> MATERIAL PROVIDED
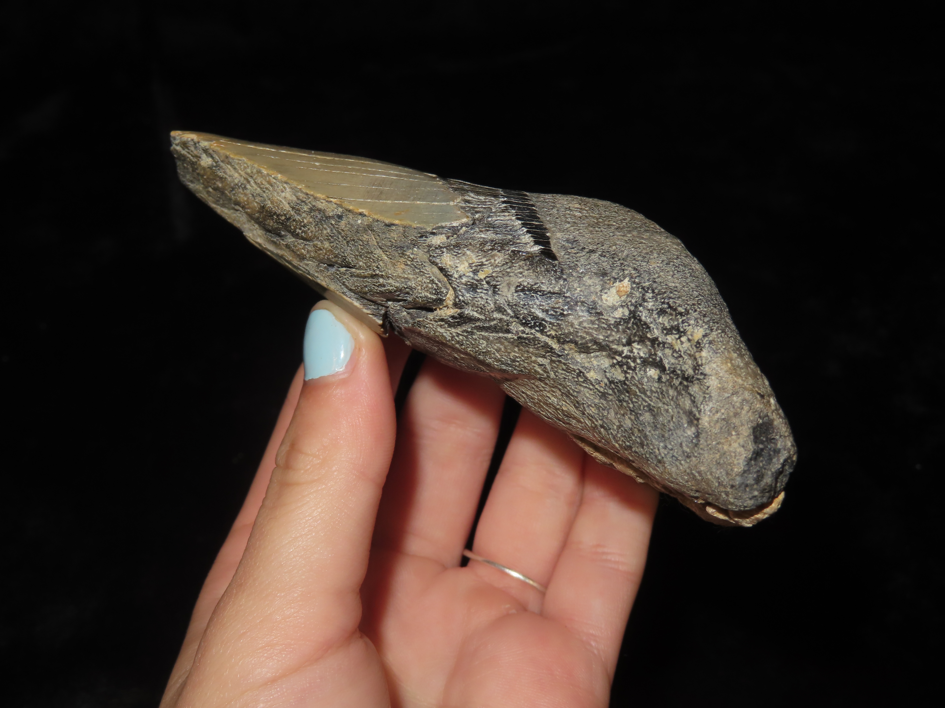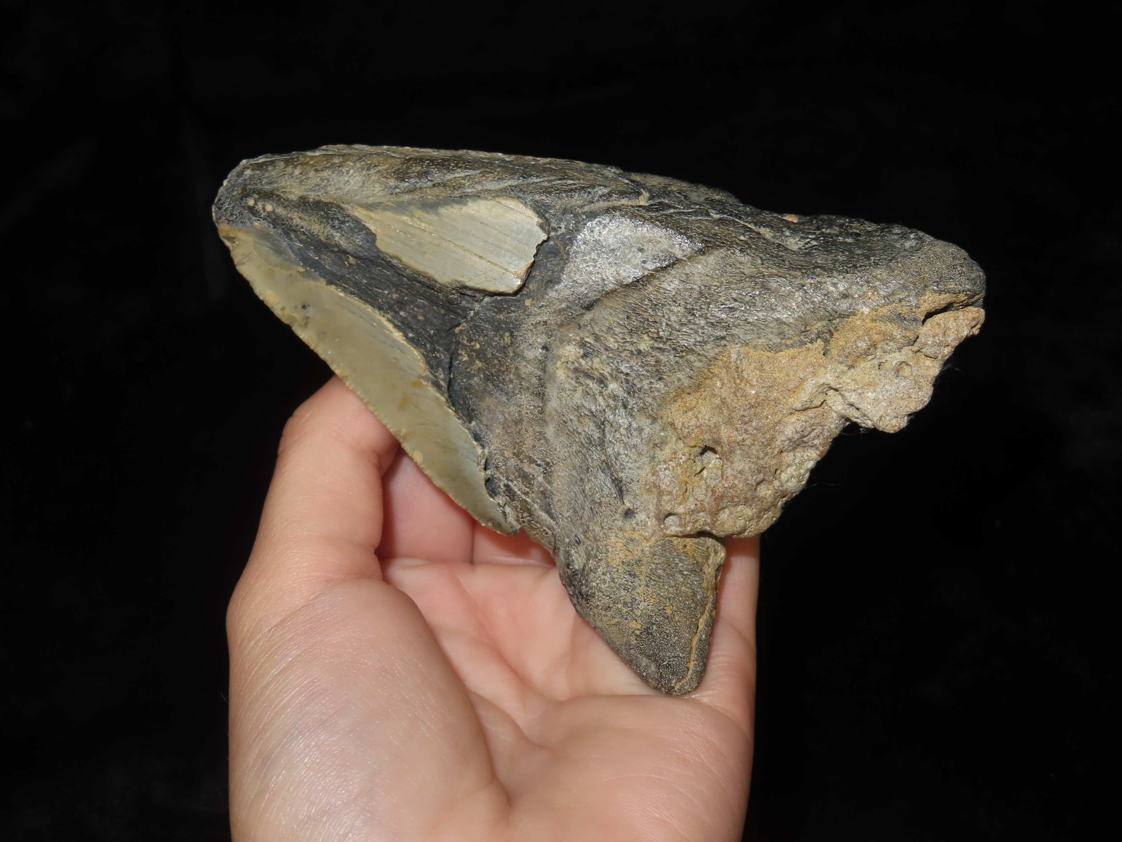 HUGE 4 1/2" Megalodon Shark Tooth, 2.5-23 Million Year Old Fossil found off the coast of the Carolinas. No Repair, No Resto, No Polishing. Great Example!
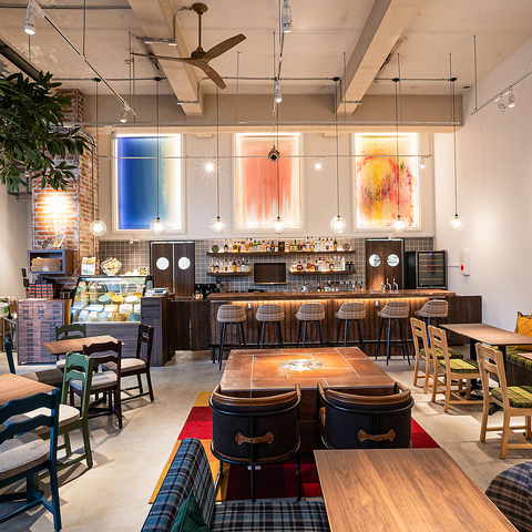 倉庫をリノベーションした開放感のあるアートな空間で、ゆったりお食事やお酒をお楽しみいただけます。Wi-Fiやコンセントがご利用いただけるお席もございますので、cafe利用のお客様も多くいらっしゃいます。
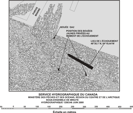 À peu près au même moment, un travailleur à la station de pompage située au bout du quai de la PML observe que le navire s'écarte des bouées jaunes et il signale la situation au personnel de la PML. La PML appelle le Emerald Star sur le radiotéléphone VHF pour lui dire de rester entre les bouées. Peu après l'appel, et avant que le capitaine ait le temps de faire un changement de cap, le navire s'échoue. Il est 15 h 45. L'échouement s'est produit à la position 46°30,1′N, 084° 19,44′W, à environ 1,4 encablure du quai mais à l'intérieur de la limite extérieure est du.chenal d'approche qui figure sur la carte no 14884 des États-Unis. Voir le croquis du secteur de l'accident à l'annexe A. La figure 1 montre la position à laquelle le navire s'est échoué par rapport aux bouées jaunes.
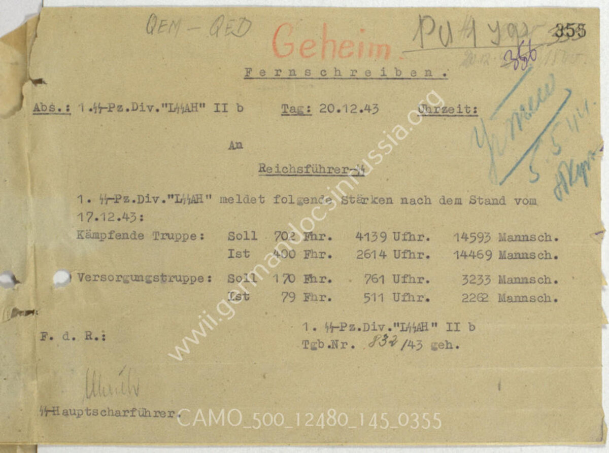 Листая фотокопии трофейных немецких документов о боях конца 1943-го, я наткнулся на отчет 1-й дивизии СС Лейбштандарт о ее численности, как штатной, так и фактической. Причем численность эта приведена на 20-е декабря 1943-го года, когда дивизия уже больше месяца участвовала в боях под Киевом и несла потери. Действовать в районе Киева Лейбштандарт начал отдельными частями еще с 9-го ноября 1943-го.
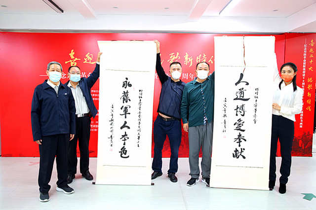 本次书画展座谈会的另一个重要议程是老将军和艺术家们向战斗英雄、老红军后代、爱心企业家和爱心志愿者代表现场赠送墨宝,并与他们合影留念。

...

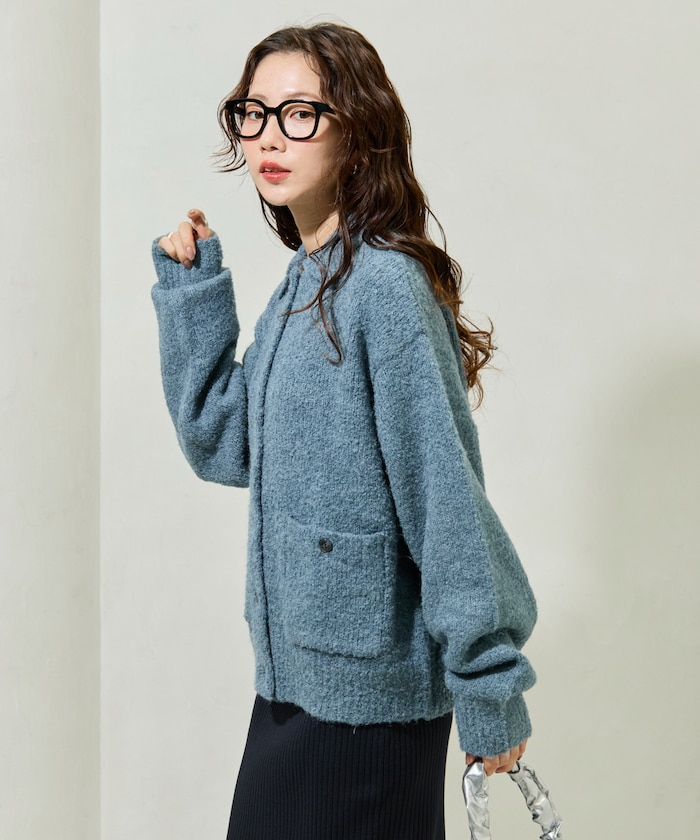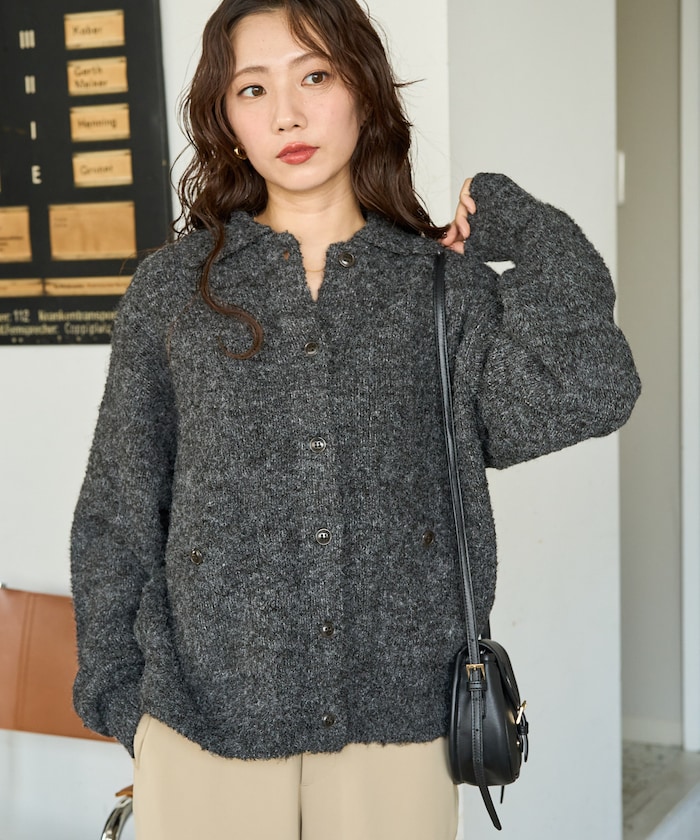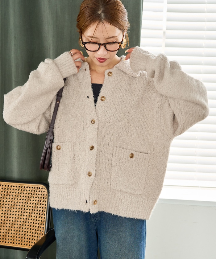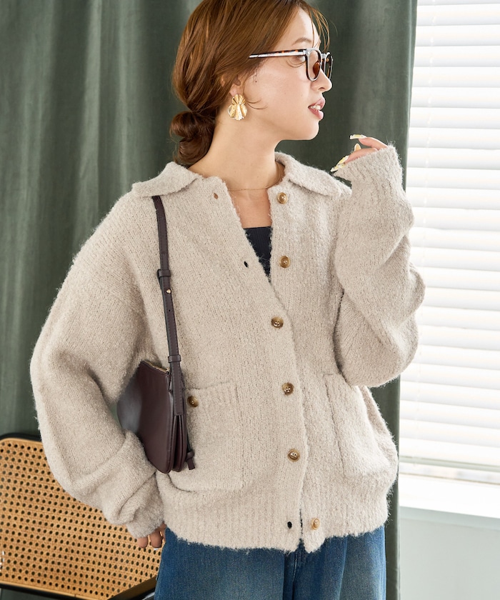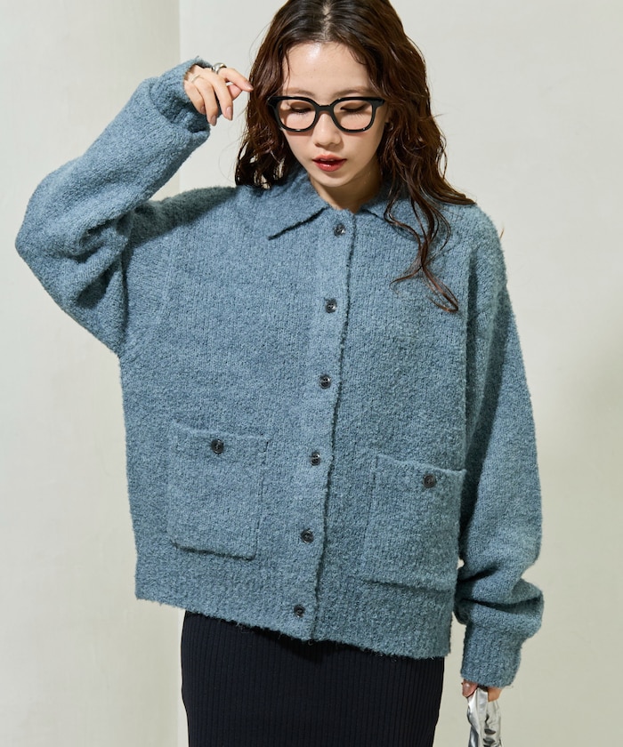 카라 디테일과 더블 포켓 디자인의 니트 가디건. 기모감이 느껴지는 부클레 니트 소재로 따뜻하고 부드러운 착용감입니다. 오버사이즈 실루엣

--

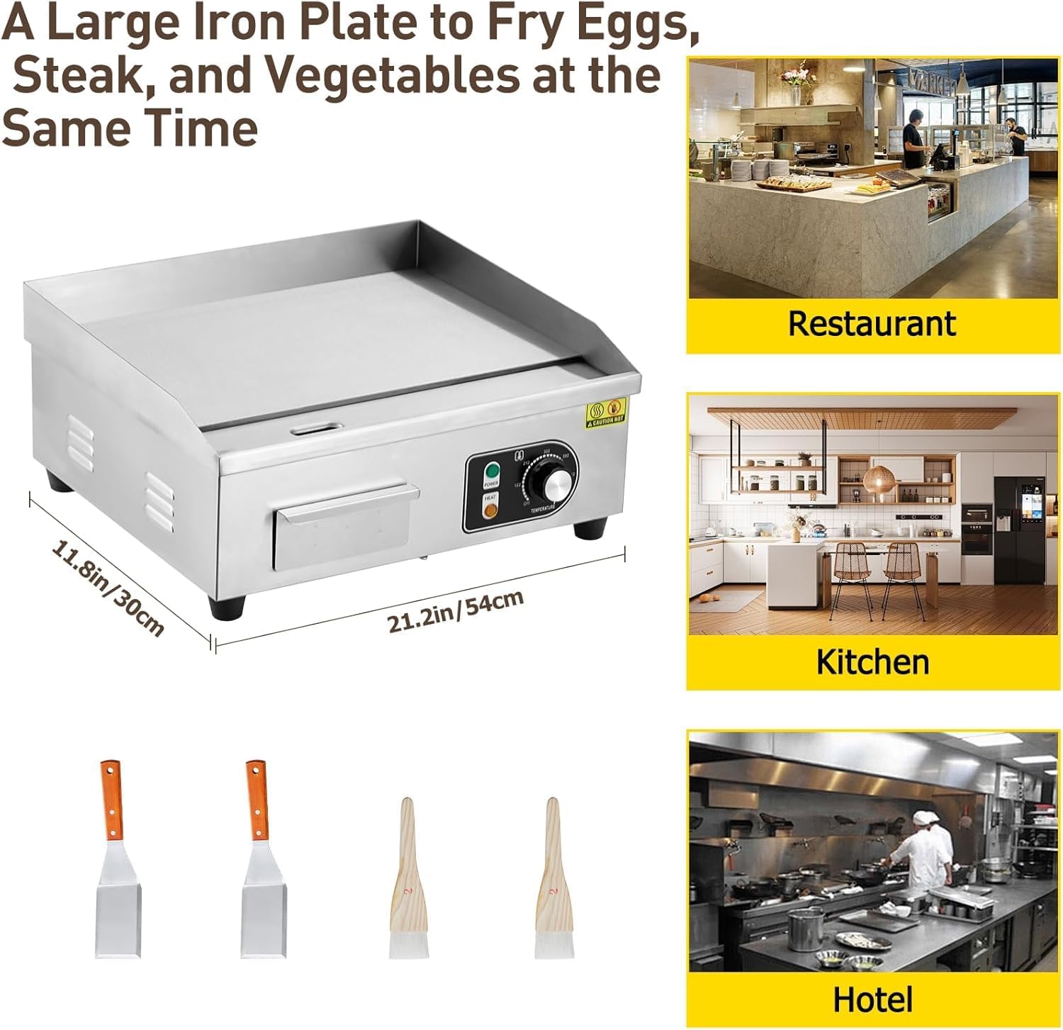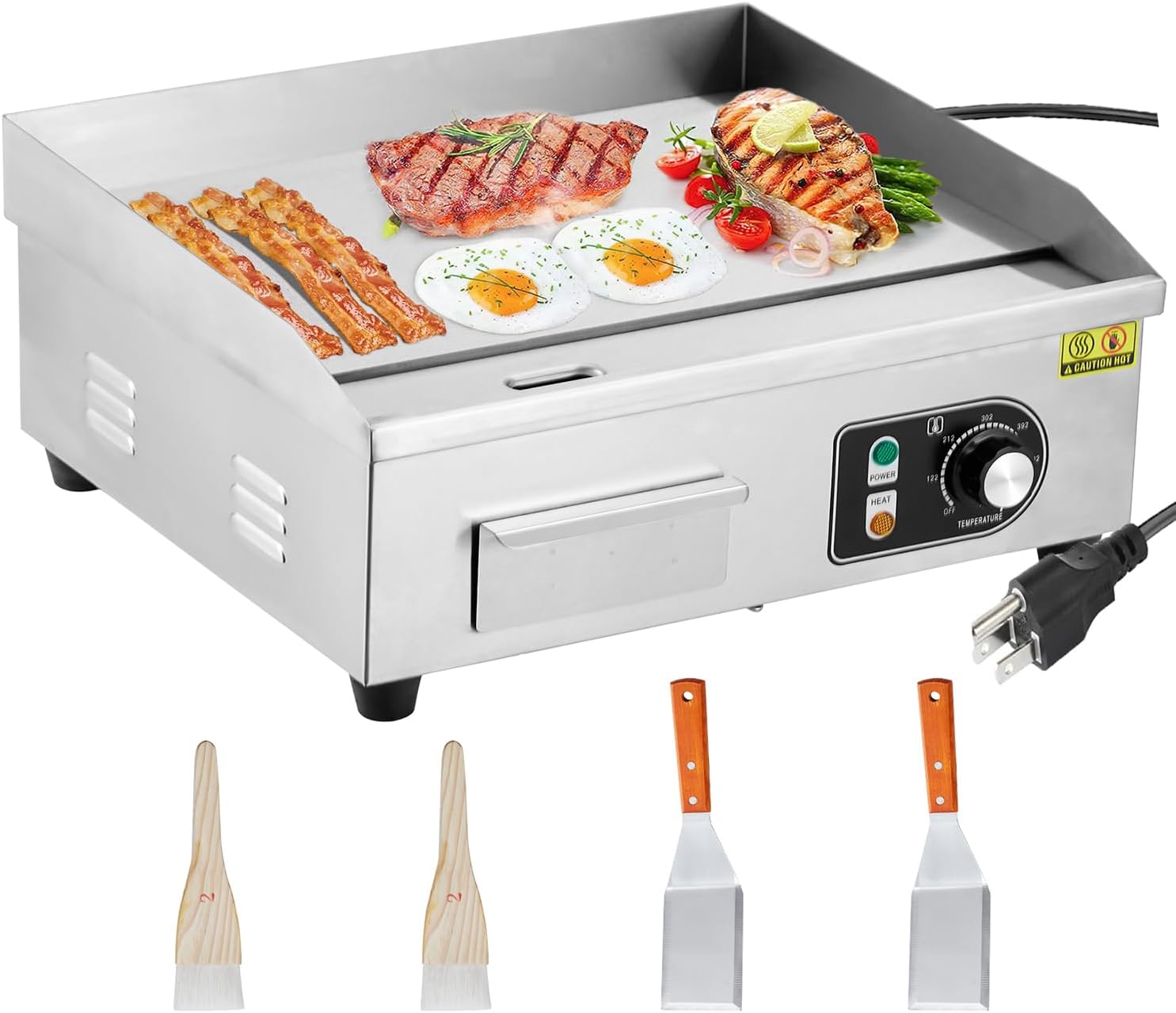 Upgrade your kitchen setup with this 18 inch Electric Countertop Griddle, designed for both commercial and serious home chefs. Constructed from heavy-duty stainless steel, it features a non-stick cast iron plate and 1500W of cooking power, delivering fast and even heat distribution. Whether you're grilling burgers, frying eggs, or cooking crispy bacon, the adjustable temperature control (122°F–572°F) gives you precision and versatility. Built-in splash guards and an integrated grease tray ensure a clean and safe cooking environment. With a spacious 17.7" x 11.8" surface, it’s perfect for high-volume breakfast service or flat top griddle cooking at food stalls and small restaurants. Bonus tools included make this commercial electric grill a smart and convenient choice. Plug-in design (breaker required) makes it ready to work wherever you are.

> TASK
Quote the data above exactly from the line with "Polishing. Great Example!" to the line with "倉庫をリノベーションした開放", both ends counted, and nothing else. Pictures don't go in.

> EXERCISE ANSWER
 HUGE 4 1/2" Megalodon Shark Tooth, 2.5-23 Million Year Old Fossil found off the coast of the Carolinas. No Repair, No Resto, No Polishing. Great Example!
 倉庫をリノベーションした開放感のあるアートな空間で、ゆったりお食事やお酒をお楽しみいただけます。Wi-Fiやコンセントがご利用いただけるお席もございますので、cafe利用のお客様も多くいらっしゃいます。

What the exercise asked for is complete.